Сложив своё походное снаряжение в крапиве, мы перелезли через городьбу и поползли между грядками. Сквозь густую картофельную ботву виднелась синяя Генкина рубашка. Генка сидел с поникшей головой на длинной грядке, густо поросшей сорняками, и, не глядя, выдирал пучки зелени.
Леонтьевна кормила во дворе уток и, сердито отталкивая ногой прожорливого сизогрудого селезня, всё ещё ругала Генку:
— Небось опять в кавалерию собрался? Вчера весь день пробегал и сегодня хочешь? Я вот тебе покажу кавалерию!
— И ни в какую не в кавалерию… — захныкал Генка.
Мы подползли совсем близко. Леонтьевна открыла калитку и вышла на улицу.
— Пока грядку не прополешь, с огорода ни шагу! — приказала она. — Я в магазин схожу.
Мы вышли из засады. Генка вздрогнул, увидел нас и, отвернувшись, начал молча дёргать траву.
— Всю грядку? — коротко спросил я.
Он утвердительно кивнул головой.
— Да ты бы убежал, — сказал Серёжка. — Трусишь?
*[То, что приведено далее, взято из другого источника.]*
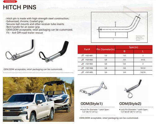 Hitch pins are essential, quick-release fasteners designed for securing linkages and attachments. Typically featuring an L-shaped or R-shaped design with a spring-loaded locking mechanism (often a cotter pin, hairpin clip, or linch pin), they provide a fast, reliable way to connect and disconnect components like trailer hitches, tow bars, machinery parts, and agricultural implements. Made from durable, hardened steel for strength and corrosion resistance, hitch pins ensure critical connections stay firmly in place during operation while allowing for easy removal when needed. Their simplicity, strength, and speed make them indispensable for towing, farming, construction, and industrial applications.

Конечно, разговора о Генкином побеге и быть не могло, это не то что Серёжкина мать: узнает, поругает — и всё. Генкина бабка после такой штуки всё лето Генку со двора не выпустит.
— А давайте все трое полоть! — предложил я.
И мы тут же недолго думая принялись за дело.
К приходу Леонтьевны работа была закончена. Как только она вошла во двор, мы с Серёжкой снова спрятались в борозде. Генка преспокойно допалывал на грядке последний клочок. Увидев, что он уже кончил работу, Леонтьевна с удивлением посмотрела кругом, словно ища нечистую силу, которая ему помогла.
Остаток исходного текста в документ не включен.